▶ [What to work on]
Look below for the line that contains "Общая площадь по" and the line that contains "青い空に白い花 スイトピーみたい ふふふ (≖ᴗ≖๑)ʊʊʊ収穫が楽しみ お豆さーん", then restate both of them and every line in between, exactly. No picture goes in the copy.

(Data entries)
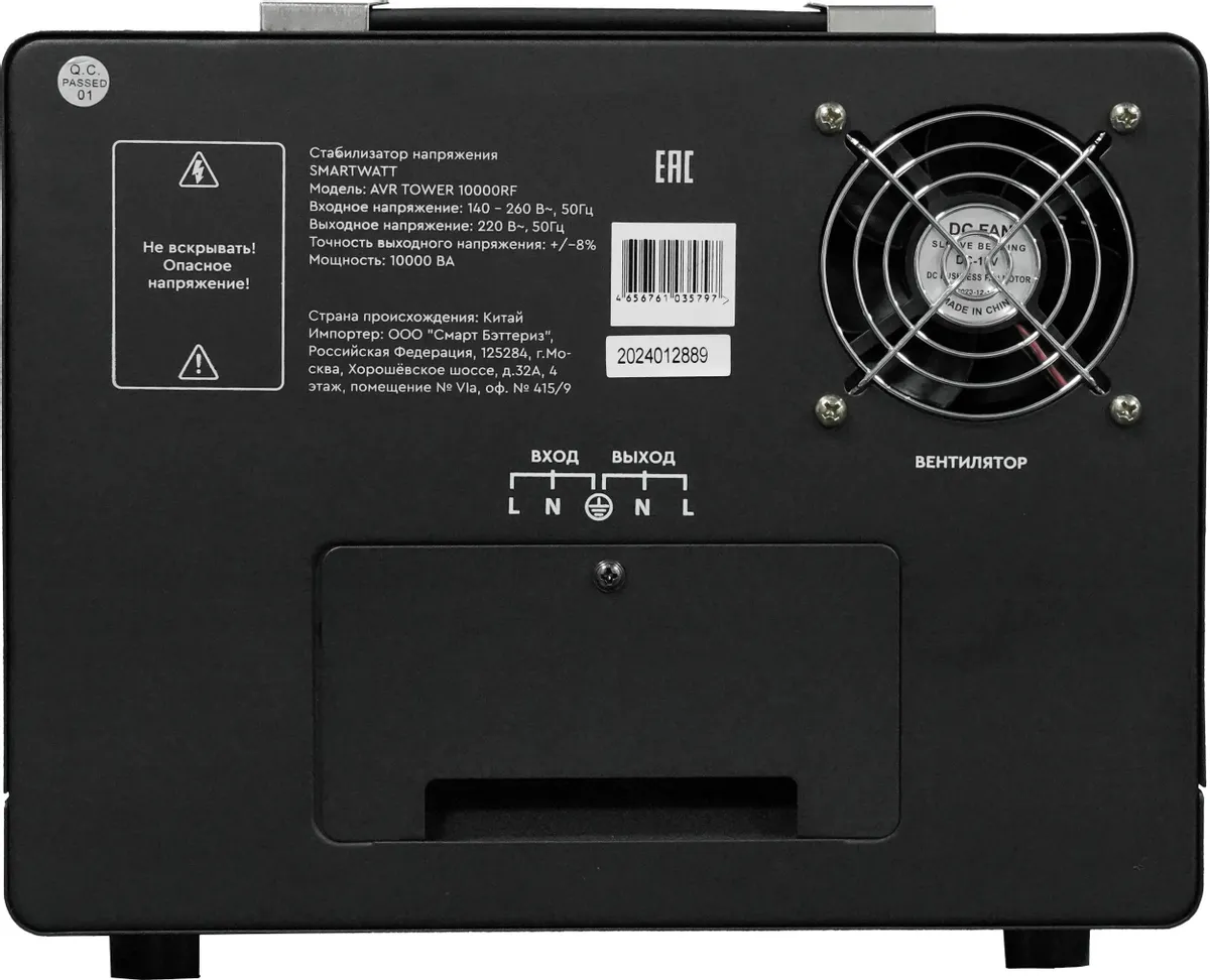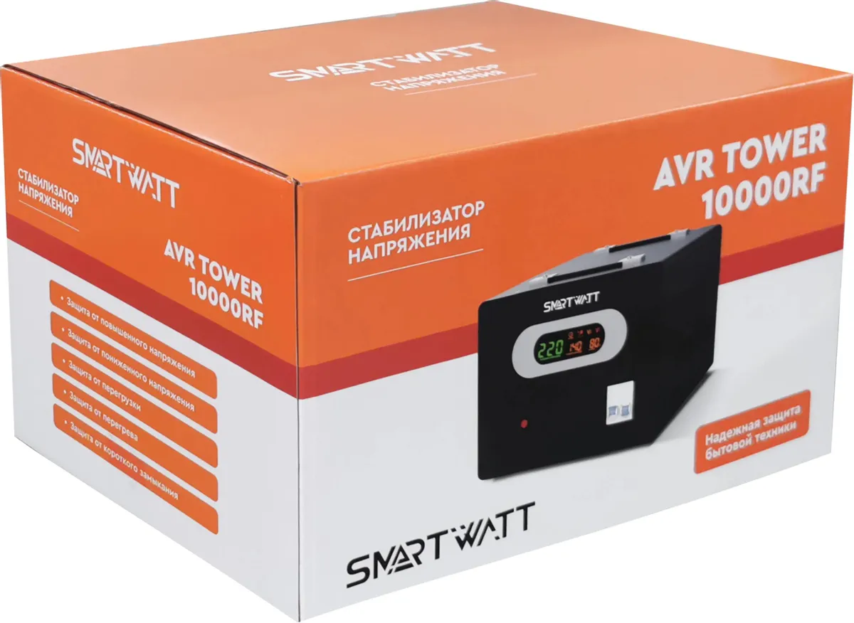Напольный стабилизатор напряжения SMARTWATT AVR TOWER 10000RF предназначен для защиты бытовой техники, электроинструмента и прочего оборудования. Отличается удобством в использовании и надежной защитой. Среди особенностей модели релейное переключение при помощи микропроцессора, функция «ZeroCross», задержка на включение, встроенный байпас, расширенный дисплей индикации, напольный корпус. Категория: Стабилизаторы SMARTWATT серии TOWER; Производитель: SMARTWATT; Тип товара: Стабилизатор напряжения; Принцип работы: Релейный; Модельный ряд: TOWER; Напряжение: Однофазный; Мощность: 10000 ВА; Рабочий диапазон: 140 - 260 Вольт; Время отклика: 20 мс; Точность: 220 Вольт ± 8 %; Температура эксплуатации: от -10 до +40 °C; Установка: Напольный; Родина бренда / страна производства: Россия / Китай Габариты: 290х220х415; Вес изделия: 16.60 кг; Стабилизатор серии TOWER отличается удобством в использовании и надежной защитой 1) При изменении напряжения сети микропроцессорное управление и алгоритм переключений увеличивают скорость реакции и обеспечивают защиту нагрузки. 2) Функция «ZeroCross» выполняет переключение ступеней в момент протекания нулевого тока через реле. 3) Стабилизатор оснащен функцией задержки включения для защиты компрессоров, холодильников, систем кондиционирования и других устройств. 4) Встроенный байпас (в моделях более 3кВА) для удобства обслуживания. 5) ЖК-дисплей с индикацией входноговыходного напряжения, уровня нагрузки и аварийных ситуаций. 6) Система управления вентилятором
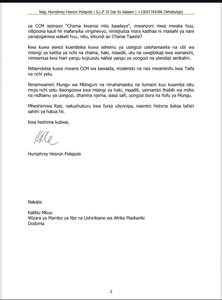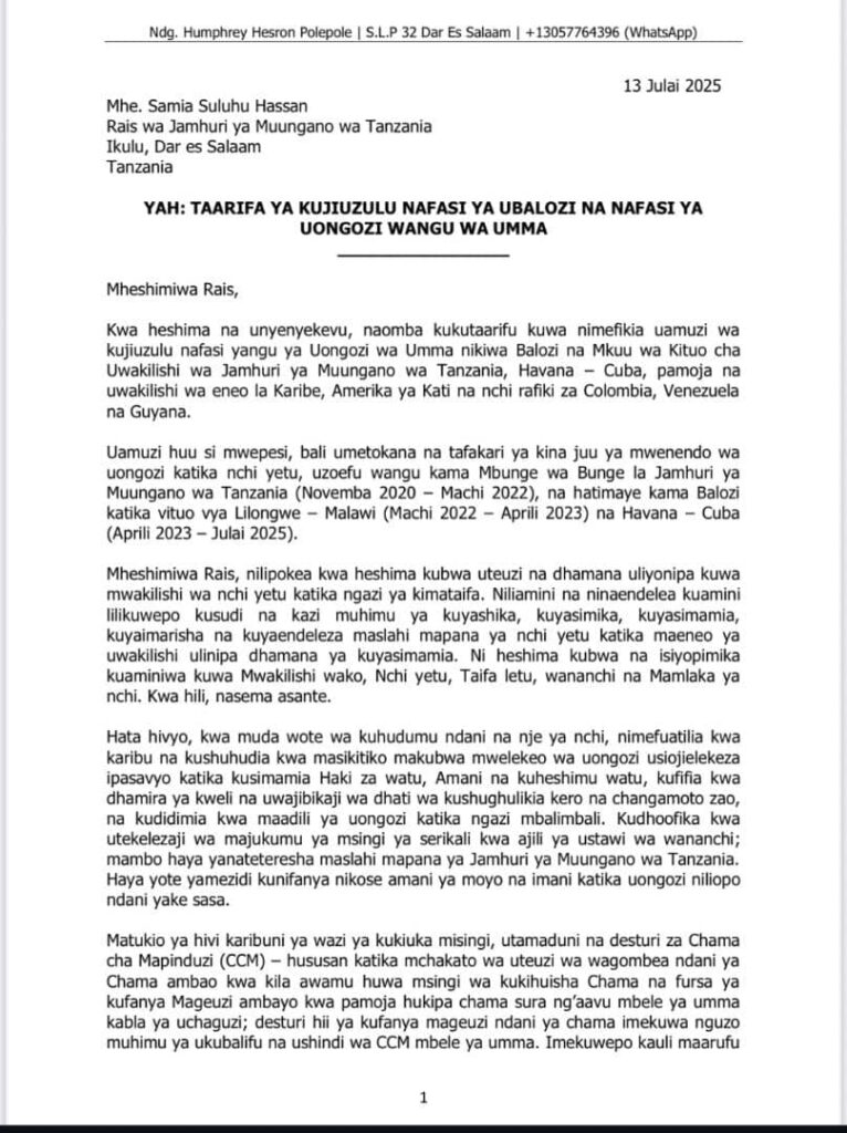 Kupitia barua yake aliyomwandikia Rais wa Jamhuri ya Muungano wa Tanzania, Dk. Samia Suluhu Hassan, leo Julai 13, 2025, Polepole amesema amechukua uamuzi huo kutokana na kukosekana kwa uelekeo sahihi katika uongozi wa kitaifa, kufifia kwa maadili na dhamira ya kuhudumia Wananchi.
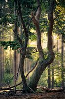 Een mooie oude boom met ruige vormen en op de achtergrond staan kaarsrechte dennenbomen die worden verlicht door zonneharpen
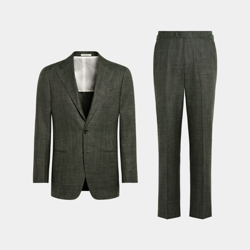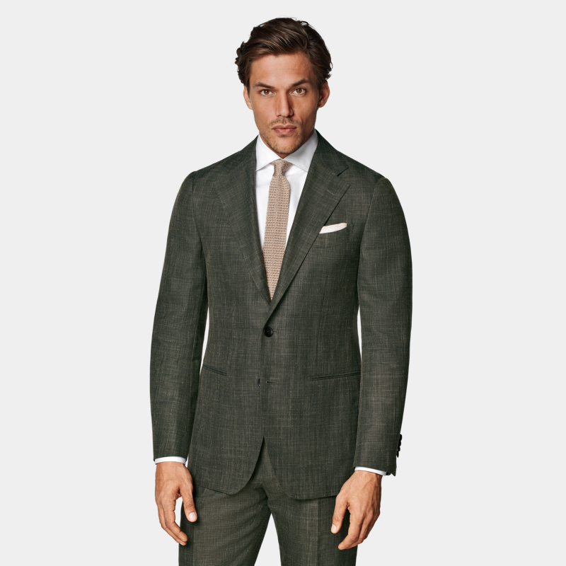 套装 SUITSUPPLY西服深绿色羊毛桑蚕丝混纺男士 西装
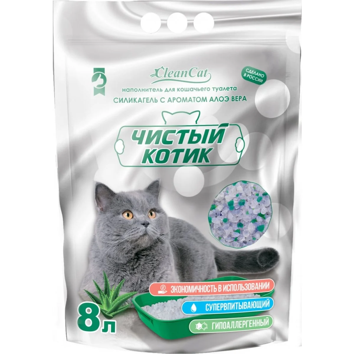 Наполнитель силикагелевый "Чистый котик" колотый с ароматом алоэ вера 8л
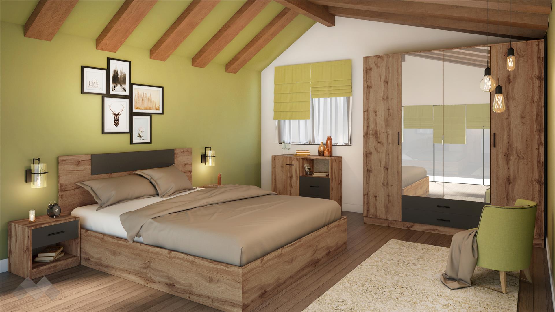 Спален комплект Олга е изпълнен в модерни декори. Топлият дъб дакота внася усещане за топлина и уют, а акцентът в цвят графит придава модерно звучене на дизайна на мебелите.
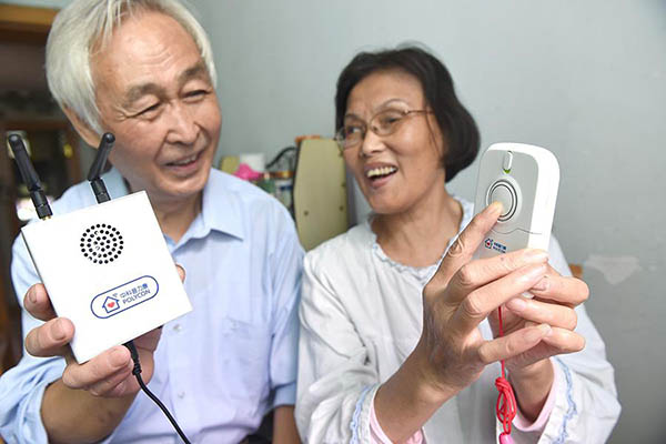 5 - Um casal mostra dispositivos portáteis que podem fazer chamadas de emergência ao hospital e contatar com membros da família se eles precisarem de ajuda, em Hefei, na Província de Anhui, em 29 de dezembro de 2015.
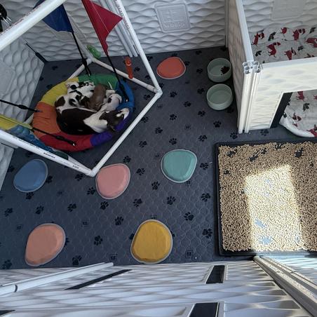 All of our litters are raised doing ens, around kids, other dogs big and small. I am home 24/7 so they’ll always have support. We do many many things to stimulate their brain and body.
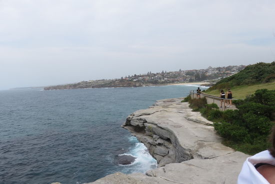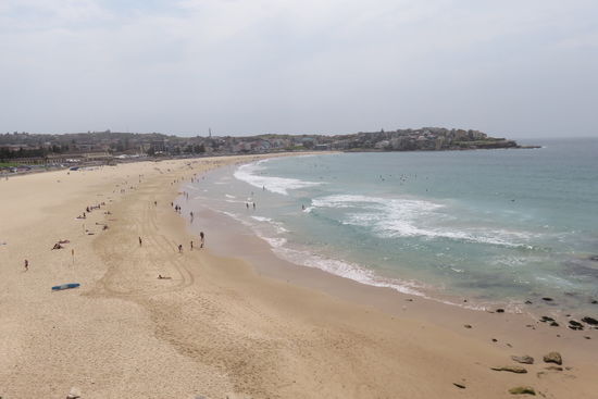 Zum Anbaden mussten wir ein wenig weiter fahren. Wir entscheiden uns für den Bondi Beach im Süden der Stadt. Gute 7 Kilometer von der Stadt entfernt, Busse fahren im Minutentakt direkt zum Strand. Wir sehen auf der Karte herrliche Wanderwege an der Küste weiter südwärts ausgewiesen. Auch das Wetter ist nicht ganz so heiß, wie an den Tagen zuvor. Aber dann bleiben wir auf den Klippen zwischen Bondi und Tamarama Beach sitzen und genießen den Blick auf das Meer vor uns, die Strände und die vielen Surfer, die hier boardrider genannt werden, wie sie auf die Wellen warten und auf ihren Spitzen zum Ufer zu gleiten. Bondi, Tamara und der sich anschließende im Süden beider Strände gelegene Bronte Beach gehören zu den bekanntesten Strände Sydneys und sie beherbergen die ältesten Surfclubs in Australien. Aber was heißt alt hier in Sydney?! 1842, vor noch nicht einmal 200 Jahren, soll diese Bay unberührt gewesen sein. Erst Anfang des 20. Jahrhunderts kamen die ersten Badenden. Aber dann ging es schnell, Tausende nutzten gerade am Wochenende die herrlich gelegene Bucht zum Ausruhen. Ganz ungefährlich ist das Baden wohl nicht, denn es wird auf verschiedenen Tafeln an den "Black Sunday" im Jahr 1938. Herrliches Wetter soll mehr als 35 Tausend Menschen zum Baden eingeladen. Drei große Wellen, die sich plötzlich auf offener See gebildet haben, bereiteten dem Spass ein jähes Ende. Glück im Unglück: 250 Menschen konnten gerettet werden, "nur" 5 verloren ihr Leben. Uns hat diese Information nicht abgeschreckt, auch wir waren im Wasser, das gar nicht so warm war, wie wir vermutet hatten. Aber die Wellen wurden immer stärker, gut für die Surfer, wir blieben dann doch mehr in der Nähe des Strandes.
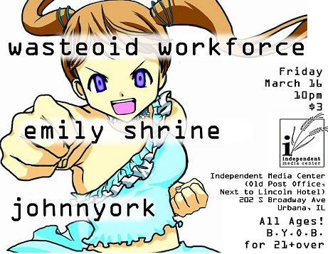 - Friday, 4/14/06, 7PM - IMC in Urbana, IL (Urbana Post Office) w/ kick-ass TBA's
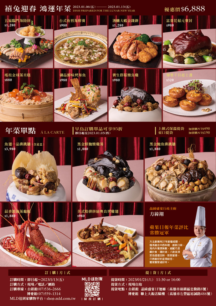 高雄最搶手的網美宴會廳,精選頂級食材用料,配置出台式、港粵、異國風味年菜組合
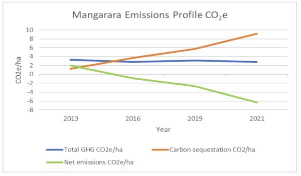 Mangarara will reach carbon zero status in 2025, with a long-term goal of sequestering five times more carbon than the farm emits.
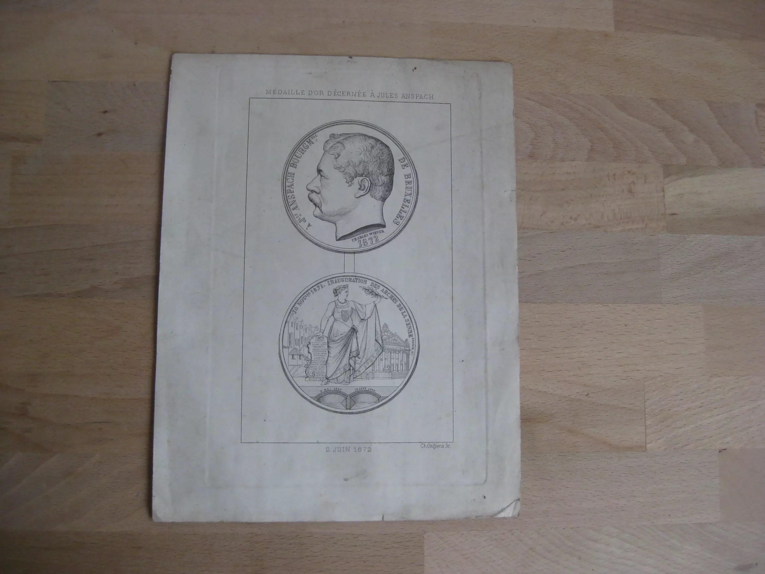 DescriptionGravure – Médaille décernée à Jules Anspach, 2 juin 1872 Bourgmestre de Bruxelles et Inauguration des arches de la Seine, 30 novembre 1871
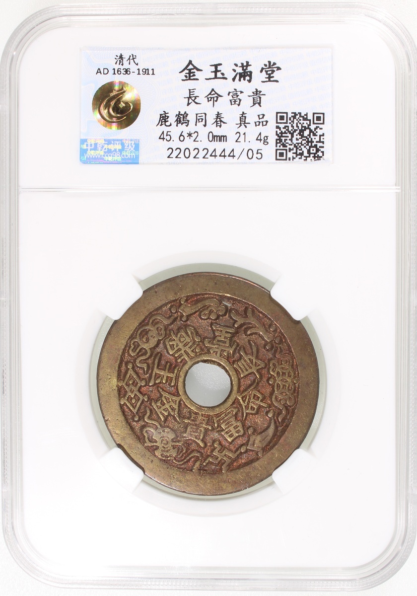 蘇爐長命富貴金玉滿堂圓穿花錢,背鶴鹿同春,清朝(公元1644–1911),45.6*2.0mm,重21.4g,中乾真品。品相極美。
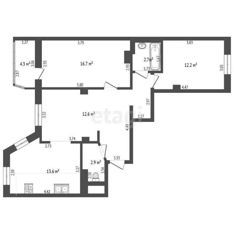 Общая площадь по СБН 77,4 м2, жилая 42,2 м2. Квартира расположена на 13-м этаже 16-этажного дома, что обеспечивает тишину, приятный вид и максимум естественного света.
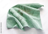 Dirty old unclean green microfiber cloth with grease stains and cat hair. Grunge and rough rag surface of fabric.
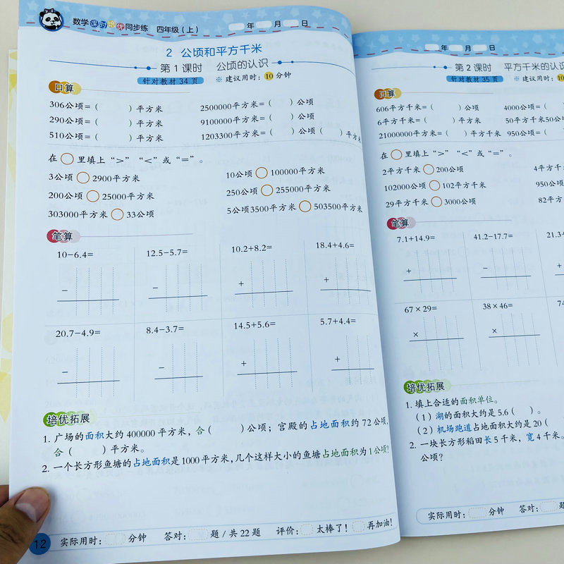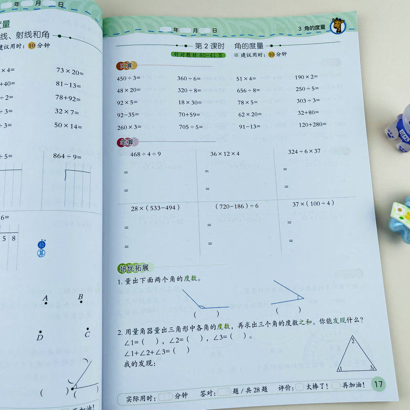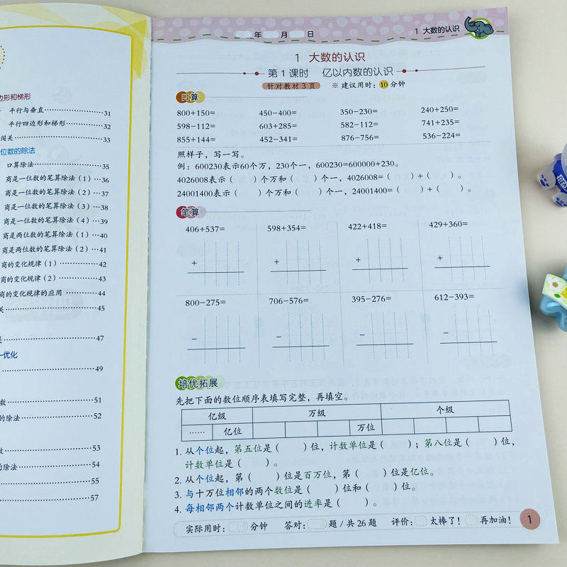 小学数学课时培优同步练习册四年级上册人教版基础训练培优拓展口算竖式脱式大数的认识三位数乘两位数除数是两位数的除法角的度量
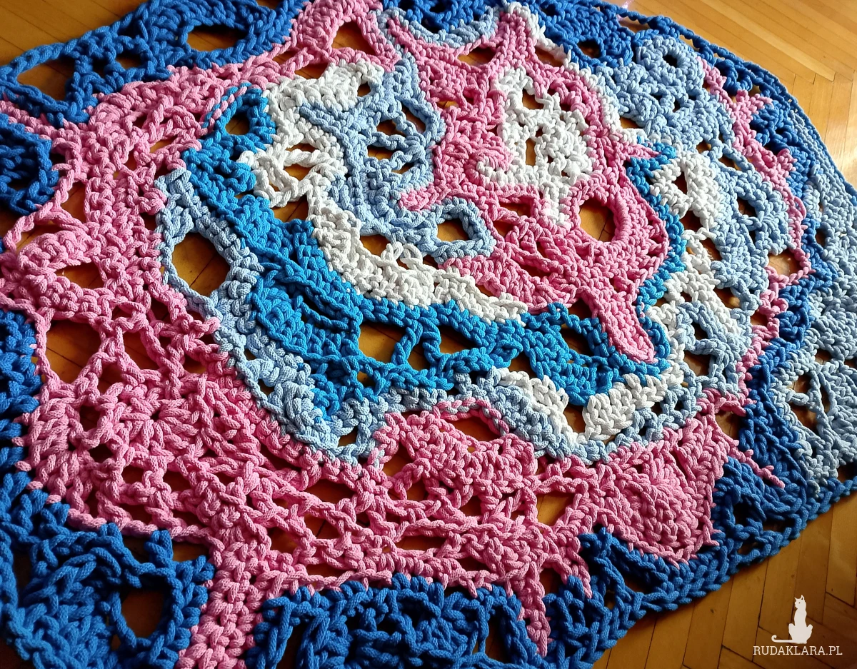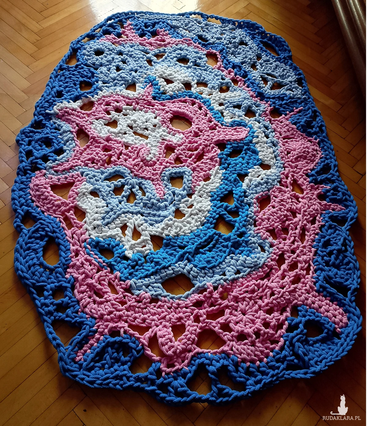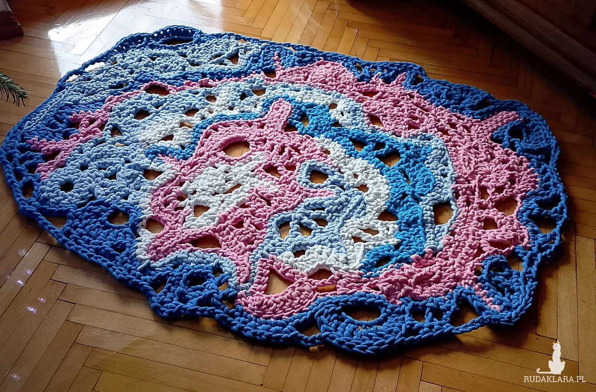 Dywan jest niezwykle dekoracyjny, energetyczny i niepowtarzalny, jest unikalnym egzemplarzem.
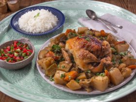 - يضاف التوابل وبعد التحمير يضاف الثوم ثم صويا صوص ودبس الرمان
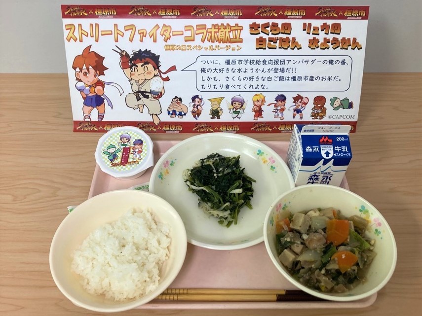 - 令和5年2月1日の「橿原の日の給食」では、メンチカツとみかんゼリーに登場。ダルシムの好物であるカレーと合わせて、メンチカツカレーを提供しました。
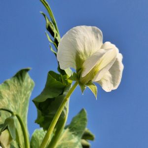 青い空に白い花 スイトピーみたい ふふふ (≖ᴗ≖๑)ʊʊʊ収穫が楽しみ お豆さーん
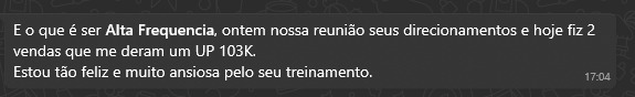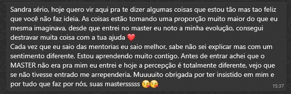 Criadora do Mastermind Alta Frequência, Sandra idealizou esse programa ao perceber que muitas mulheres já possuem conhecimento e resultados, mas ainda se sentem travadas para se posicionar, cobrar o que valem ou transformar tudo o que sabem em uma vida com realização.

▶ [Answer below]
 Общая площадь по СБН 77,4 м2, жилая 42,2 м2. Квартира расположена на 13-м этаже 16-этажного дома, что обеспечивает тишину, приятный вид и максимум естественного света.
 Dirty old unclean green microfiber cloth with grease stains and cat hair. Grunge and rough rag surface of fabric.
 小学数学课时培优同步练习册四年级上册人教版基础训练培优拓展口算竖式脱式大数的认识三位数乘两位数除数是两位数的除法角的度量
 Dywan jest niezwykle dekoracyjny, energetyczny i niepowtarzalny, jest unikalnym egzemplarzem.
 - يضاف التوابل وبعد التحمير يضاف الثوم ثم صويا صوص ودبس الرمان
 - 令和5年2月1日の「橿原の日の給食」では、メンチカツとみかんゼリーに登場。ダルシムの好物であるカレーと合わせて、メンチカツカレーを提供しました。
 青い空に白い花 スイトピーみたい ふふふ (≖ᴗ≖๑)ʊʊʊ収穫が楽しみ お豆さーん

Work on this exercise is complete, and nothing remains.